Sunday, 20 April 2008

Banana bread - improved version

This was a much improved version from earlier attempts at banana bread (as seen here). I followed a different recipe and it worked much better. The bread rose and filled out the loaf tin more and the bread/cake is also more dense and bread-like. The crust is crisp and the insides are sweet and moist with the mashed bananas. It definitely got the seal of approval from AP and his colleagues! (He always bring extra banana bread or other baked items into work.)

The flavour of bananas develop and intensify as they ripen so the best bananas to use for baking are overripe ones, especially those that are turning brown or thoroughly specked and no longer ideal for eating. So don't throw those old bananas out! Turn them into mouthwatering banana bread.

This has been submitted to Not Quite Nigella's Banana Bread bakeoff event. The deadline is 12th of May so there's plenty of time to make your own and join the event.

Improved banana bread 3

(Recipe based on Joy of Baking)

Ingredients (makes about 10 thick slices):

250g/ 2 cups plain flour
150g/ 3/4 cups caster sugar
1 tsp baking powder
1/4 tsp baking soda
1/4 tsp salt
1/2 tsp ground cinnamon
2 large eggs, lightly beaten
115g/ 1/2 cup unsalted butter, melted and cooled
3 large or 4 medium very ripe bananas, mashed
1 tsp vanilla extract
100g chopped walnuts or pecans (optional)
Extra slices of bananas to garnish (optional)

Method:
1. Preheat oven to 180 degrees C/gas mark 4. Grease the bottom and sides of a 9 inch loaf tin, or line with grease proof paper.
2. In a large bowl combine the dry ingredients - flour, sugar, baking powder, baking soda, salt, cinnamon, and nuts. In another bowl, combine the wet ingredients - mashed bananas, eggs, melted butter, and vanilla.
3. Using a rubber spatula or wooden spoon, lightly fold the dry ingredients into the wet ingredients bit by bit, just until combined and the batter is thick and chunky. **IMPORTANT: Do not overmix the batter** There should still be traces of flour. Over mixing will result in tough bread.
4. Pour the batter into the loaf tin. Decorate the top with slices of bananas if desired. Bake in the middle of the oven for 60 minutes, until the bread is golden brown and a skewer inserted in the center comes out clean. If the top is browning too quickly while the middle is still undercooked, place a sheet of foil across the top of the loaf and continue baking for another 5-10 minutes.
5. Place the tin on a wire rack to cool and then remove the bread from the loaf tin. Serve warm or at room temperature. The bread is easier to slice when it has cooled down.

15 comments:

VeggieGirl said...

There's nothing better than a dense, flavor-packed loaf of banana bread - yum!! Glad that this version was a winner for you!!

Kevin said...

Nice looking banana bread! Banana bread is one of my favorites and I have been making it a lot lately.

tigerfish said...

Very dense banana bread - it looks like carrot cake from this picture, just that it's of pale brown. Give me some coffee and I'll be enjoying myself :)

didally said...

These bread looks so delicious. I think I should try baking them someday, instead of my usual banana cake.

Nilmandra said...

Thanks for the comments, folks. I'm really happy that this recipe turned out much better than my last one. Definitely a keeper.

diva said...

the older the banana, the richer the taste and more moist it gets. love it! your banana bread looks amazing

noble pig said...

Oh how lovely and warming this looks! Just divine.

Brilynn said...

I love banana bread, I just made some tonight!
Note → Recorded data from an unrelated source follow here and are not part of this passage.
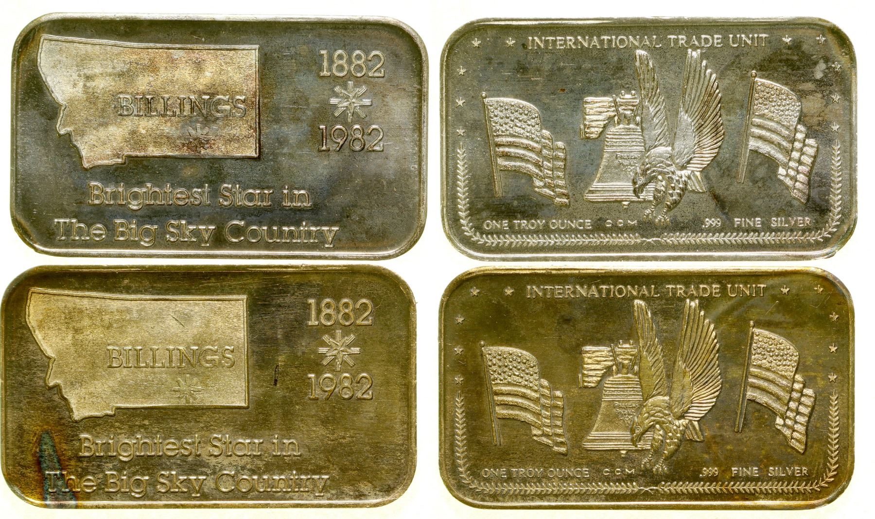 Two one ounce .999 fine silver ingots commemorating Billings 100th anniversary, 1882-1982. "Brightest Star in The Big Sky Country."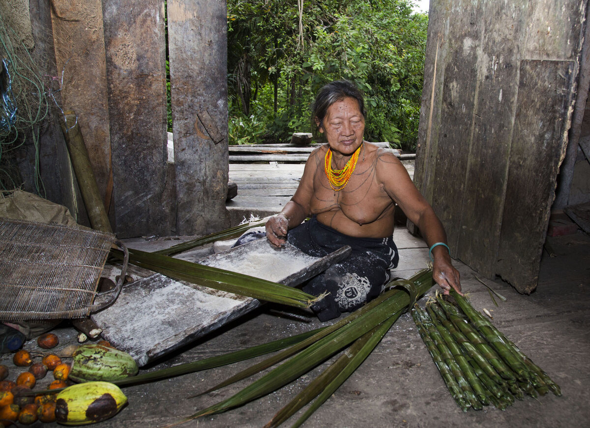 Основную пищу жители джунглей получают из дерева саго, одного из видов пальм. Животные также едят саго. Дерево срубают, обрезают ветви, раскалывают на крупные части и убирают неровности для удобства транспортировки. Это самый сложный этап – куски ствола надо докатить до дома по деревянным лагам, а иногда просто по воде.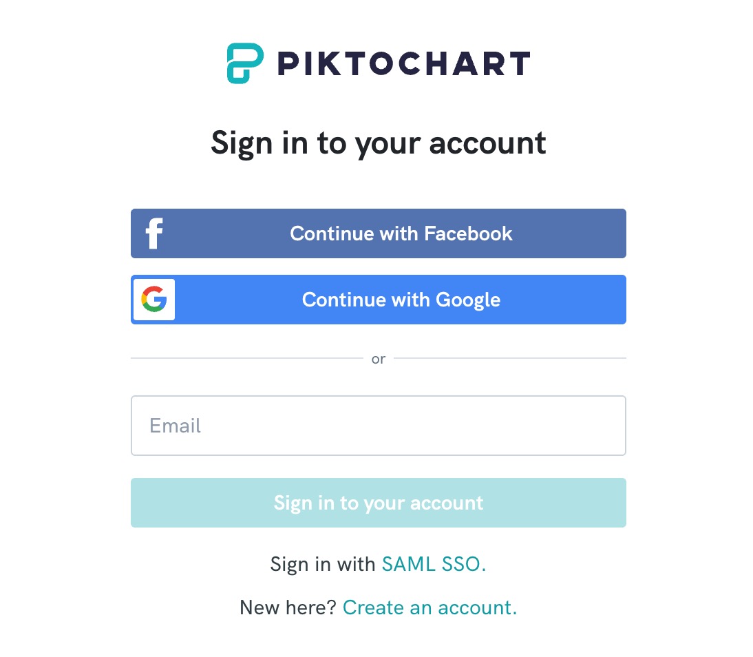 - Sign up for a free 7 days trial account on Piktochart.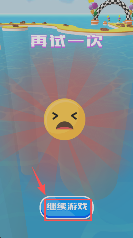 3、若游戏失败弹出 “再试一次” 界面,点击下方的 “继续游戏” 按钮,重新挑战当前的关卡 1。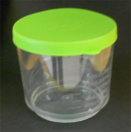 Set van 6 transparante maatbekers met gekleurde deksels.
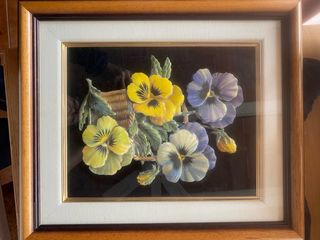 Precioso cuadro decorativo con flores de porcelana en relieve. - Diseño floral con detalle de cesta. - Flores en tonos amarillos y morados. - Marco de madera.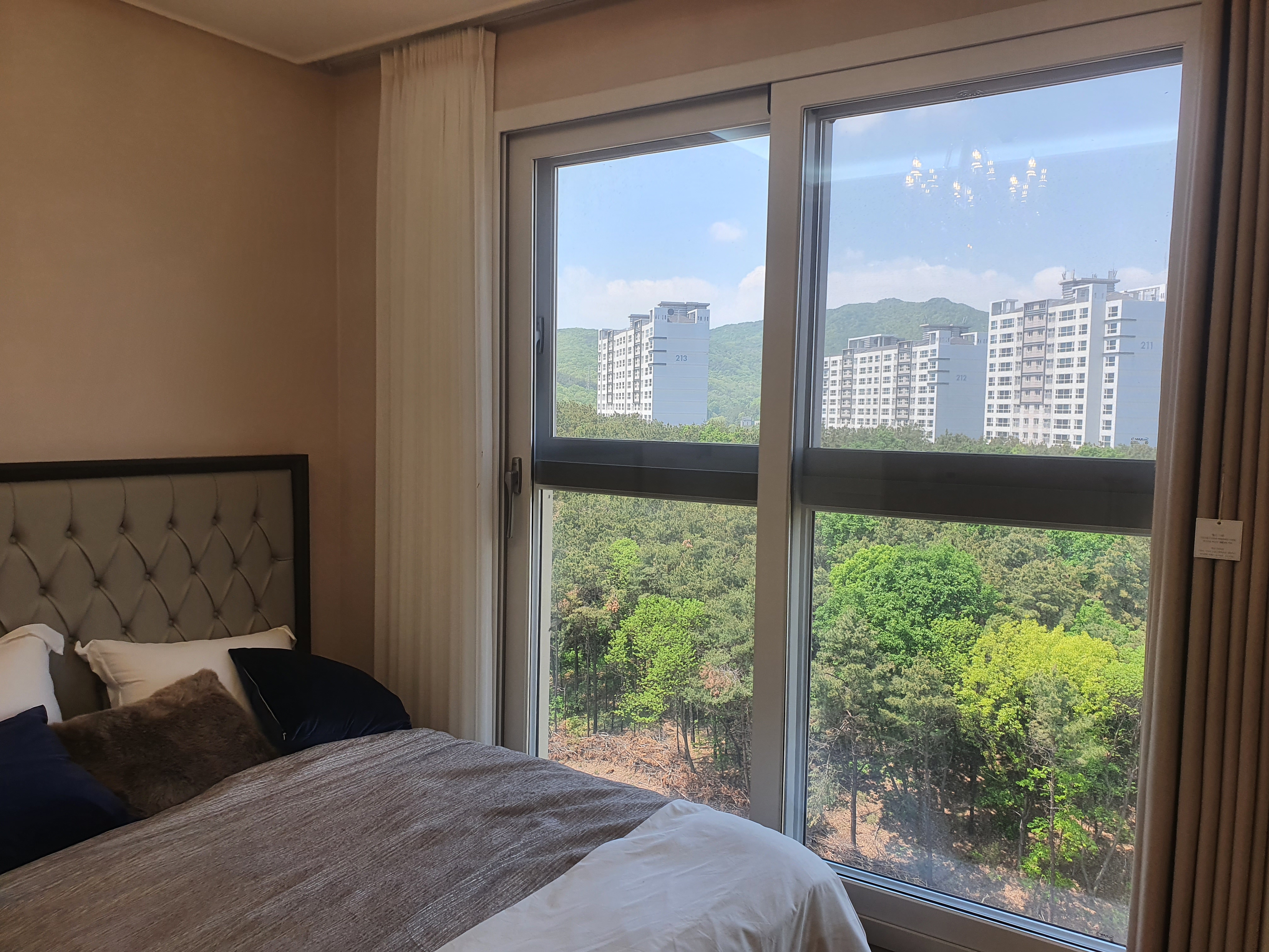 저녁 무렵, 창문을 열면 광교산 능선 너머로 석양이 물듭니다.

Celine Asril of Black.Salt said...

omg another banana bread! is it BB season or what? I've found a few around the blogosphere already, and Not Quite Nigella's hosting an event with it. You should participate! I just made a batch and am waiting for more bananas to turn black to make another :)

Nilmandra said...

Diva: Exactly. I'm quite happy to have some leftover old bananas, because that's perfect for banana bread or muffins :)

Celine: Ah yes, I think I've bookmarked that blog event announcement somewhere. Thanks for reminding me!

Noble Pig and Brilynn: Thanks!

Celine said...

hurry up and ripen, pretty little bananas on top of fridge, so that I can ease the just-popped-up-after-seeing-this-post craving I have!

Nilmandra said...

Celine: LOL. I know that making use of leftover bananas is the great thing about making banana bread, but I too often feel like baking when I have fresh or even non bananas at home!

Elsye said...

wow wow...your banana bread really pretty...I'm drolling over my computer..:P..

Yours is better than mine...indeed..!..love the texture and color...

I would like to try later...:D, thanks for the recipe

Zoe said...

i've finally done my own! after a year of waiting! thanks for the recipe!!!!!!

Anonymous said...

oh my goodness, i put this banana bread in the oven 10mins ago and it smells wonderful! its rising beautifully too! Thankyou so much! Can't wait to try it!